Po chwili mgła zalewa całą Polanę Surówki, a niskie cały czas słońce prześwitujące raz mocniej, raz słabiej przez chmury tworzy bajkowy nastrój.
Miałem już do czynienia z takimi warunkami we wrześniu 2019 roku na wschodzie słońca na Wysokim Wierchu, więc wiem, że należy cieszyć się tą atmosferą, ale też cierpliwie czekać na to, aż mgła opadnie. Na fotografowanie wschodu słońca najlepiej iść samemu, albo z podobnymi pasjonatami.
W końcu moja cierpliwość zostaje wynagrodzona, mgła opada i wyłaniają się znad niej górskie szczyty otulone chmurami. Sam proces trwa dość długo, jest co oglądać w międzyczasie.
Tatry jeszcze w chmurach
Spędzam na Surówkach prawie dwie godziny. Gdy opuszczam polanę, widzę, że znowu od wschodu nadciągają chmury.
Ja już idę drugim leśnym odcinkiem szlaku. Na początkowym odcinku szlaku nad Naprawą zima była taka sobie, w miarę podchodzenia na Luboń robi się coraz ładniej.
Dość szybko docieram pod schronisko. Pogoda zmienia się dynamicznie, dopiero po kilku próbach udaje mi sieje sfotografować w satysfakcjonujący mnie sposób. Widoczność się pogarsza, Lubogoszcz jest cały schowany w chmurach, ledwo co widać beskidzkie szczyty.
Mogielica i Jasień
Zjadam obiad w małej schroniskowej jadalni i wracam na dół. Pogoda się psuje, zachmurzenie jest coraz większe, a chmury schodzą coraz niżej.

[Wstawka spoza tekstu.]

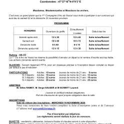 Bonsoir à tous, C’est avec un grand plaisir que la 1ère Compagnie d’Arc de Vesoul vous invite à participer à son concours en sall...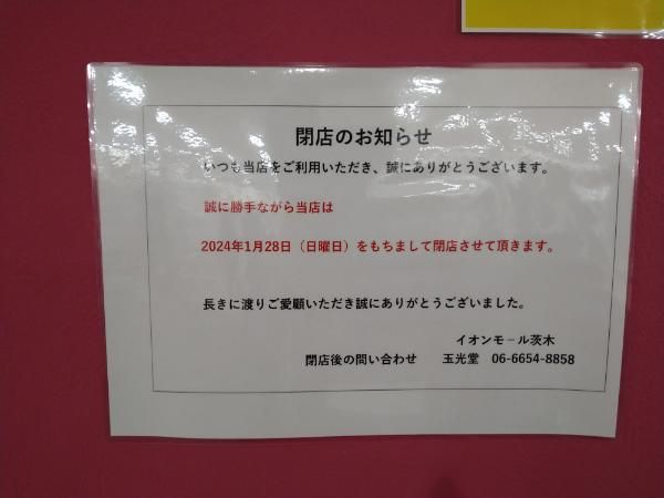 1階では、2023年9月にオープンした「ハッピーフィナンシェ イオンモール茨木店」が2024年1月31日(水)に閉店。

Na Polanie Surówki jest ciemno, niewiele słońca przebija się przez chmury od strony Tatr. Co ciekawe, rzut oka na kamery internetowa pozwala mi stwierdzić, że tam wyżej, w Tatrach jest nadal piękny, słoneczny dzień. W przeciwieństwie do porannego długiego pobytu na polanie spędzam tu kilka chwil i wracam do Naprawy.
niewidoczny Luboń Wielki
Biorąc pod uwagę, że moim głównym celem był jednak wschód słońca, a samo wyjście na Luboń Wielki było tylko dodatkiem, pomimo pogorszenia pogody w drodze powrotnej wycieczkę mogę uznać zdecydowanie za udaną, a dynamika zmieniającej się pogody o świcie dała mi wystarczająco dużo wrażeń na cały dzień.